So long ago...Was it just a dream?

Dec 08, 2005 19:36

December 8, 2005 Thursday 6:30:42 PM
It’s been 25 years since John Lennon was shot. I’m going out with, and, if she wasn’t 1,800 miles away, would be having mind-blowing, earth-shattering, building-crumbling wild nookie with someone who’s lived her entire life in a Lennonless world.
Ya know what that means? I’M OLD!
I was almost 11 years, 7 months old when John was shot. I didn’t really know about him. I mean, yes, I’d heard about The Beatles, and had heard the line-up before, but the only names that stuck in my Star Wars and Lego-obsessed brain (I, of course, have grown since then) were McCartney and Ringo. My middle name is Paul, so...and I like the sound of the name “McCartney.” And of course Ringo Starr is such a showbizzy name it sticks in your head. The names John Lennon and George Harrison are pretty average sounding. And the last time John released a new album I was 5. At 5 my mind was on Batman and Gilligan’s Island reruns and kindergarten. I didn’t start paying attention to music until around 1979.
So, yeah, the first time I noticed John Lennon was on December 8, 1980. Kinda bites, don’t it? (Would you like a bites donut?)
I remember EVERY SINGLE RADIO STATION, ALLLLLLLLLLLLLLLL of them, played nothing but Beatles and Lennon songs. All the different formats were scrapped and it was nothing but songs recorded by Lennon the next few days 24/7. Country, Classical, even the Muzak stations were playing Lennon.
I’ve been an insomniac since I was 9, and even at 11 I had quite the imagination. Insomnia kicked in at around 1 or 2 AM. Terrified of waking up in a silent room back then, because, of course, any noise is a giant, purple, single-horned snorklewacker looking for a pasty-white kid to eat, I turned on my radio. (Ok, at 11 I knew there weren’t monsters, or ghosts looking to git me, but sounds set off the imagination which scared the crap out of me. Ya know, the scary movie in my mind. Oh, and I used to sleep with my bedroom light on, too.) “I Wanna Hold Your Hand” was playing.
At the time my favorite station was 1310 KRUX. Listening to an AM radio station at 3:00 in the morning did NOT help my imagination any. First of all, my brain is thinking, “I’m hearing a dead-man singing.” Then there’s all the interference AM radio gets in the dead of night. And all that interference is other Beatle/Lennon songs, overlapping distant DJs talking about Lennon, and reporting the story. Actually, I’m getting a little creeped out thinking of it now. And there wasn’t anything I could do about it. I didn’t have a TV or stereo in my room, so I couldn’t go to another source of distraction from the boogums. And I couldn’t run to another radio station to get away from this singing voice that came from a body lying in a New York morgue right now. FM would have less interference, but he would still be there. And turning off the radio and laying in silence would just increase the spooky imagination.

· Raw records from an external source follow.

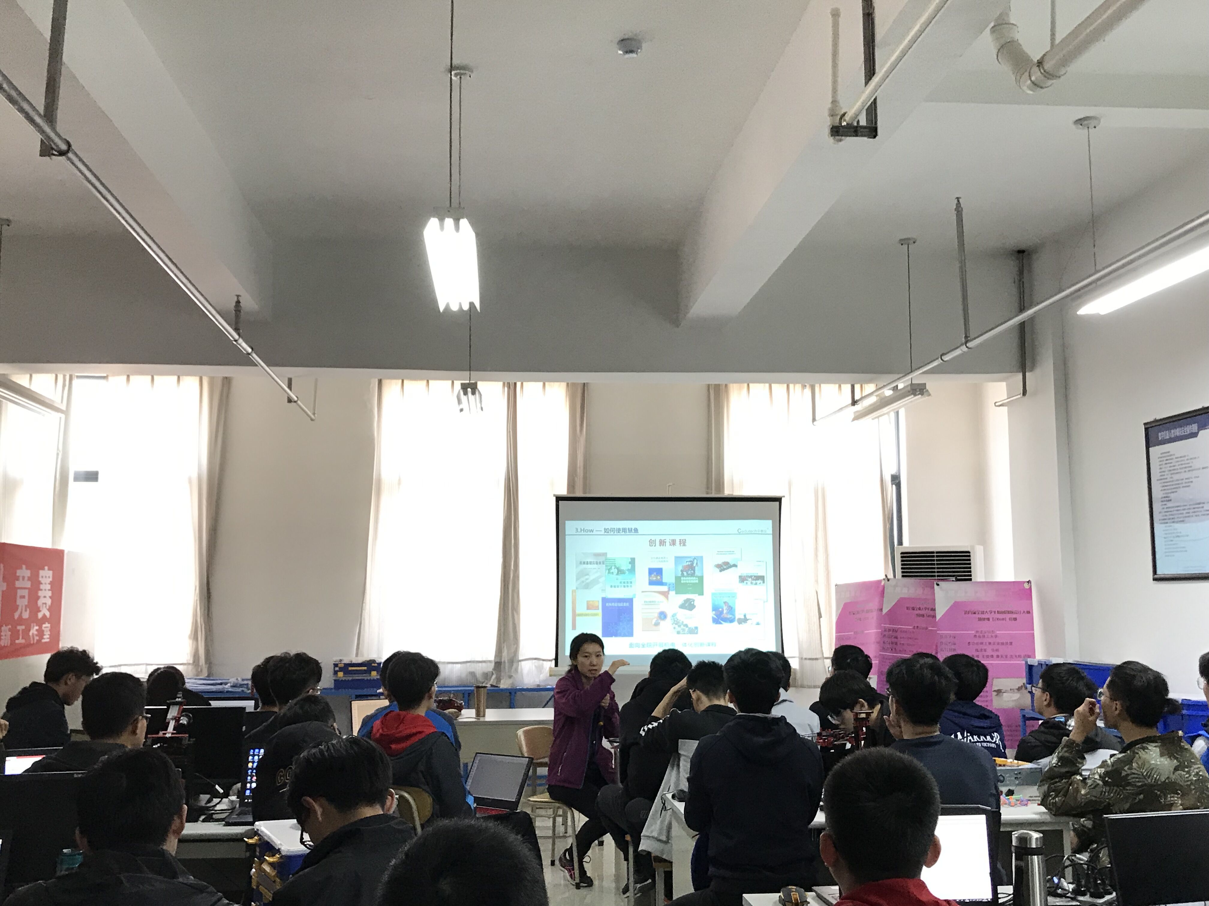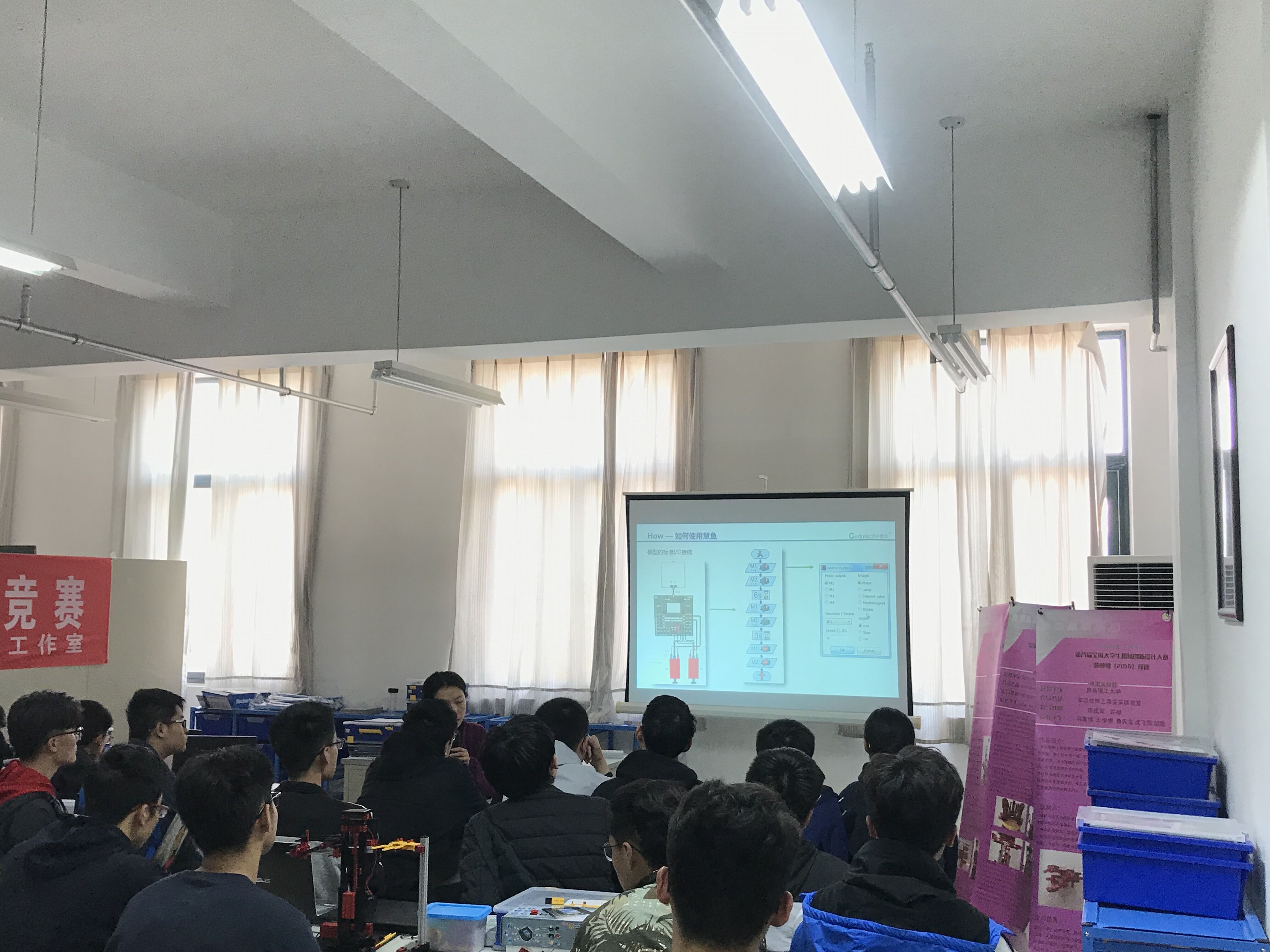为进一步浓厚老员工科技创新氛围,加强慧鱼实验室建设,积极备战第十六届机电产品创新大赛(慧鱼组)比赛,太阳成集团tyc234cc于4月14日邀请北京中教仪科技有限公司总工程师杨玲为参赛师生进行了慧鱼模型搭建培训会。
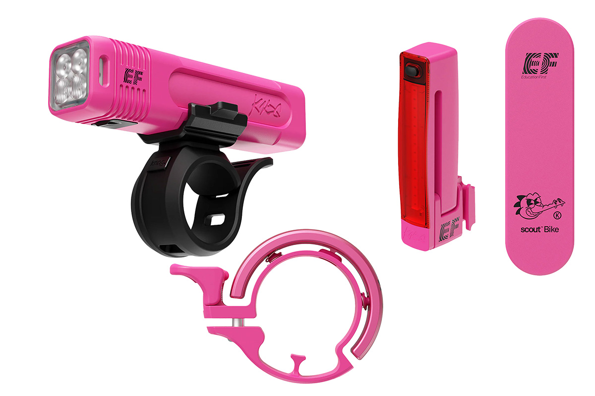 そんなノグとEFプロサイクリングがコラボしたアイテムが4種類登場する。ラインアップは、フロントライトのBLINDER 900、リアライトのPLUS、ベルのOI CLASSIC、盗難防止タグのSCOUT BIKEで、いずれもチームカラーのピンクで彩られている。
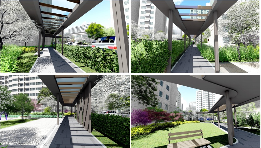 小区中心区位形成总长600米的慢跑环路效果图
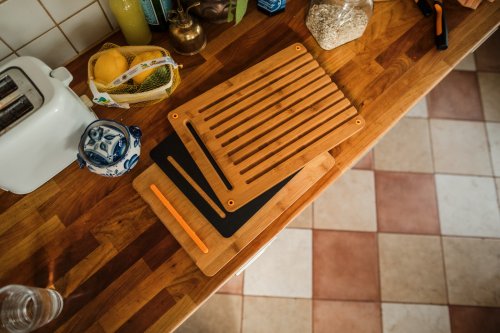 Tří dílná sada na krájení: prkénko na krájení chleba a jiného pečiva s drážkami, ploché prkénko na krájení s vyměnitelnou plastovou deskou. Prkénka mají silikonové protiskluzové nožička a patku pro snadné uložení. Jsou vyrobena z bambusu, povrch je ošetřen lněným olejem. Délka: 35 cm, šířka: 25 cm. Hmotnost: 2,015 kg. Původní FIS číslo 1014212.
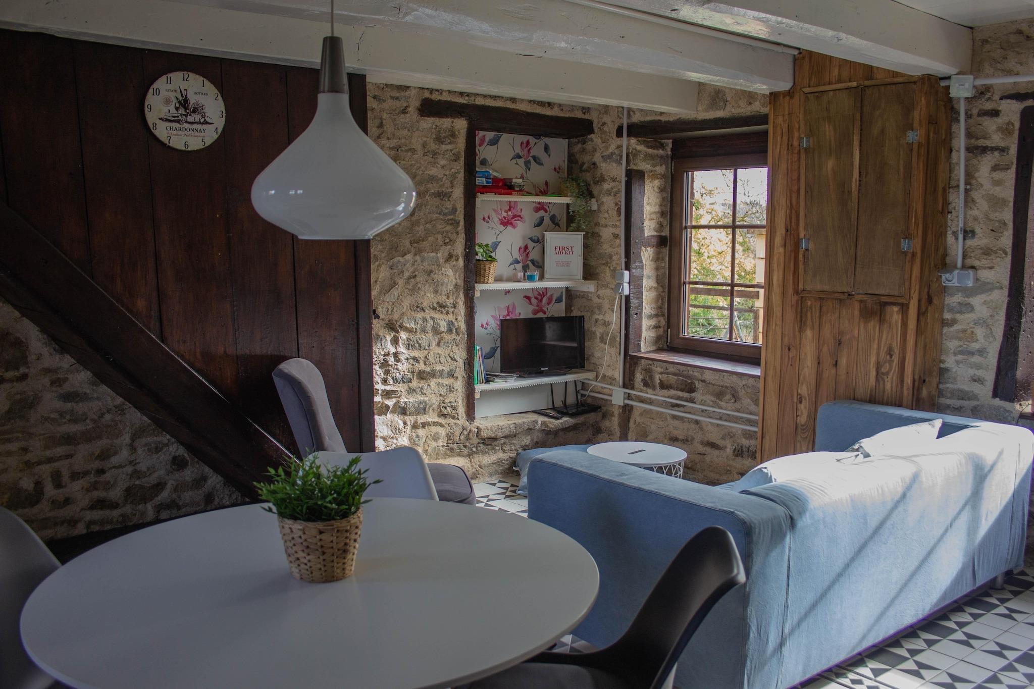 Denne vidunderlige bolig i Frankrigs grønne hjerte, Auvergne, er udstyret med alle bekvemmeligheder. Med fred, plads, natur og en smuk udsigt over bakkerne i Combraille og Creuse, kan du nyde en uforglemmelig ferie her med familie eller venner. Hunde er også meget velkomne (maks. 3 store hunde anbefales)! Boligen kan højst rumme 3 voksne eller 2 voksne og 2 børn Huset ligger i departementet Puy-de-Dôme. Du kan nyde at gå, og du vil finde forskellige maleriske steder, såsom Charron, Bussières og Roche-d'Agoux. Den forreste del af denne tidligere "fermette" (gård) udlejes af husejerne. Det er det sidste hus i en lille landsby på en blind vej Anden sal er tilgængelig via soveværelset på første sal og den hyggelige bolig er indrettet med et særligt attraktivt interiør Der er legetøj til hundene og de kan lege trygt i den lukkede private have Den private swimmingpool tilbyder vidunderlig afkøling i sommerdagene!

Weird...25 years later (and less creeped out by night noises and AM interference) the only thing I can still ever ask is “Why?” That’s quite a ripple-effect on time. I even got over Brandmeier's abrupt departure many years ago. The power of The Beatles, and brilliant musical talent, I guess.
Like to hear how his music would’ve progressed in the ‘80s, and ‘90s. I liked the ‘90s Beatles reunion plenty, but I know it would’ve happened much sooner, felt more complete, and been better with a living John Lennon. Well, there’s still complete Monkees reunions, I guess. And God, I’d love to hear him take on this Bush administration.

I got a witty quip at the ready for everything. But for this I can never bring up the wit. Too sacrilege to even me, who can find something silly to say about anything. On this, there can be no joking! (I say sounding like Poppy from Seinfeld.)

In 1984 Cait happened to notice a few lines in Lennon’s 1974 “#9 Dream” that seem eeeeerrrreeeeeely prophetic after December 8, 1980:
It seemed so real to me
Took a walk down the street
I thought I could hear
Somebody call out my name
Two spirits dancing so strange
I thought I could feel
Music touching my soul, something warm, sudden cold
The spirit dance was unfolding





















December 8 marks another milestone. Five months of unemployment! Hooray for the thriving Bush economy! (I have had offers, but they were way the hell out in Scottsdale and Tempe or downtown Phoenix. The bus is useless that far, and I don’t have a car or someone to pester for a ride everyday. AND they did not pay well-enough to keep me from living with my parents. Once again...HOORAY FOR THIS THRIVING BUSH ECONOMY!!!!)

Oh, and, DUHHHH!!!! Bloom County made it's syndicated debut on December 8, 1980. One genius leaves as another comes in.